On one occasion, he had to take a week off. Later, he learned that during that time, three people took their lives on the route he normally travels.
'A Good Day'
Kniest forces himself not to think about the people who make his life hell because they can't cope with their own lives. He has fought his way back into the train cab, which is a remarkable achievement; he thinks about the machine under his control and about the timetable; and he has learned that happiness can also mean the absence of misfortune.
When the day comes to an end in Rotterdam, after Stephan Kniest and his two friends have been standing on the dike for hours, making jokes, taking pictures or saying nothing, they drive, as the twilight rises from the North Sea, from the Smickel Inn back over to the promontory, where there is a magnificent hilltop view of the port and the Caland canal.

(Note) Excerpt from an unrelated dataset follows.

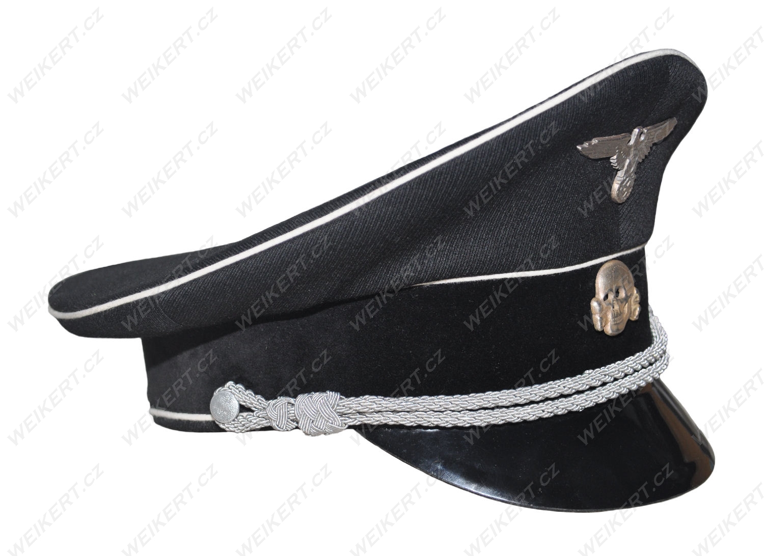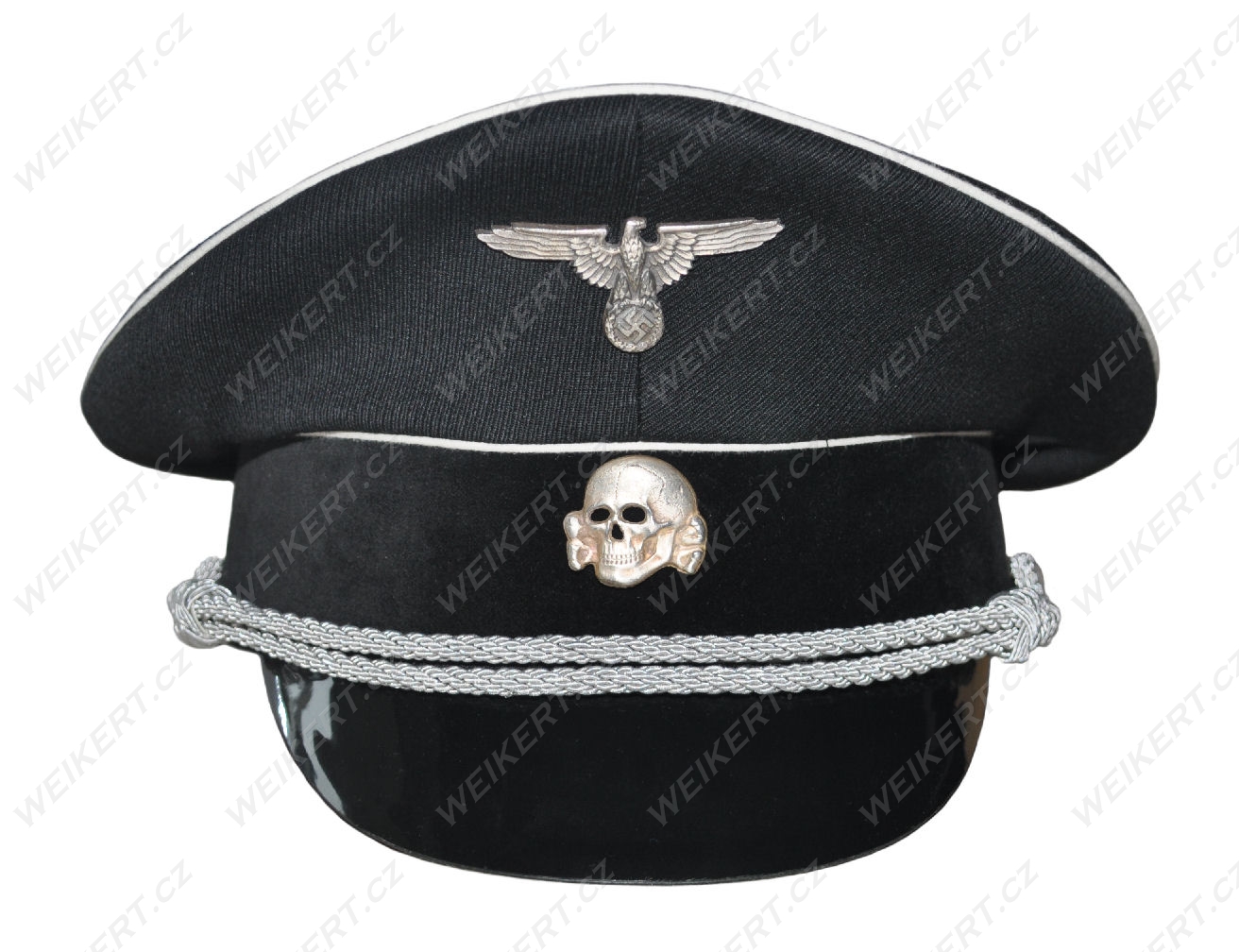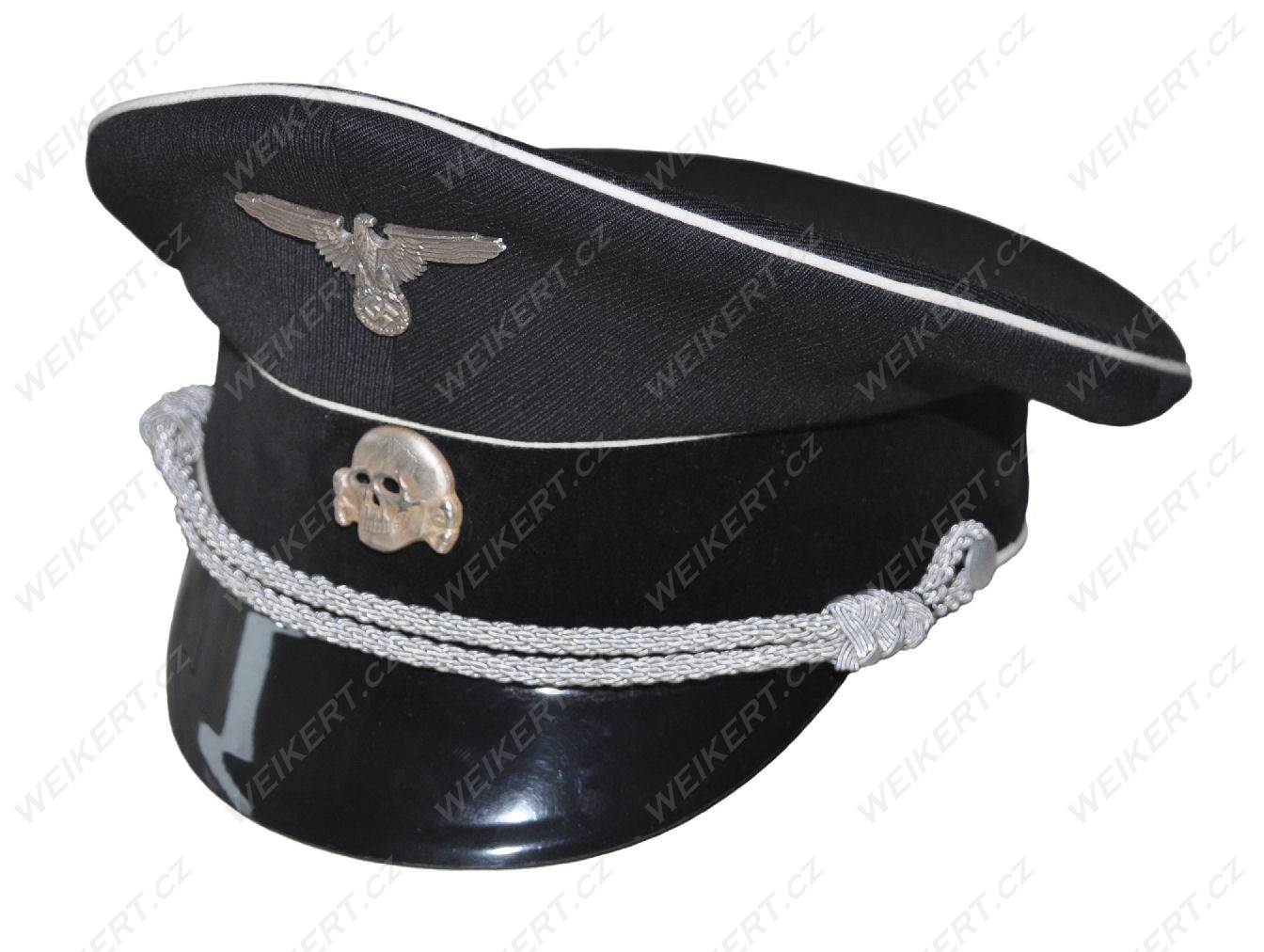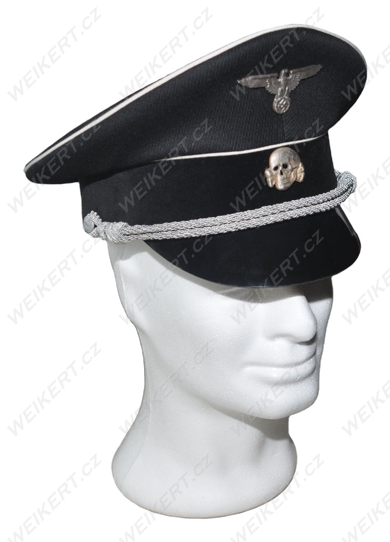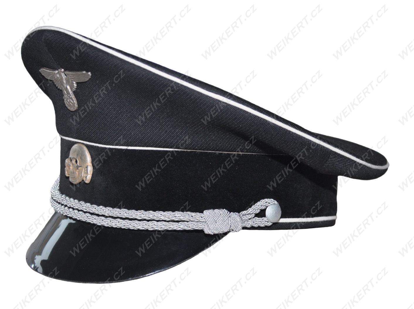 Doskonała replika niemieckiej czapki oficerskiej  ( czarna - Allgemeine SS ) - używanej w czasie II Wojny Światowej.

Using his tripod, Kniest photographs two white ferries docked under a remarkably yellow sky. The clouds are illuminated by the light from greenhouses where orchids are grown. "Today was a good day," he says. It was a good sky, there were lots of ships, and there was good light.
That very same evening, at home, he looks through the pictures of the day on his computer. He begins by editing the picture with the yellow sky for 20 minutes. At 11:26 p.m. he uploads the result to Facebook.
A perfect picture, says Kniest. Two huge machines, moored one behind the other, the high yellow sky, everything in focus and correctly exposed.
There is nothing in the photo to disturb the eye, no motion. And there is not a single person to be seen.